## Task description
Go through the records below and copy out every line that contains the word "with".

## Provided entries
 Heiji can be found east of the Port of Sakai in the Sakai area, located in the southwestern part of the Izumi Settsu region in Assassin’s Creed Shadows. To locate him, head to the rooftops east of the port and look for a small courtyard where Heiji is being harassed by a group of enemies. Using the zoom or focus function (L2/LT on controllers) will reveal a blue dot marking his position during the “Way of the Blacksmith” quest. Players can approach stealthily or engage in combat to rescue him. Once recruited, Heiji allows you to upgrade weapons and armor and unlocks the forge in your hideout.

--

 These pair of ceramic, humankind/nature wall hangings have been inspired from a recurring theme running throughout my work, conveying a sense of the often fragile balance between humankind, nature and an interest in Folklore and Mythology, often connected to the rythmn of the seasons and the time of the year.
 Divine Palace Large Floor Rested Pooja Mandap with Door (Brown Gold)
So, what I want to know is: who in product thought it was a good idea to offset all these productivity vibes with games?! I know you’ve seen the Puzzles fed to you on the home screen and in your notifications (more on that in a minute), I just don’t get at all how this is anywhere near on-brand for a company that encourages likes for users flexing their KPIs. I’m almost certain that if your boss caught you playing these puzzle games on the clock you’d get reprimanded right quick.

## Result of the task
 Divine Palace Large Floor Rested Pooja Mandap with Door (Brown Gold)
So, what I want to know is: who in product thought it was a good idea to offset all these productivity vibes with games?! I know you’ve seen the Puzzles fed to you on the home screen and in your notifications (more on that in a minute), I just don’t get at all how this is anywhere near on-brand for a company that encourages likes for users flexing their KPIs. I’m almost certain that if your boss caught you playing these puzzle games on the clock you’d get reprimanded right quick.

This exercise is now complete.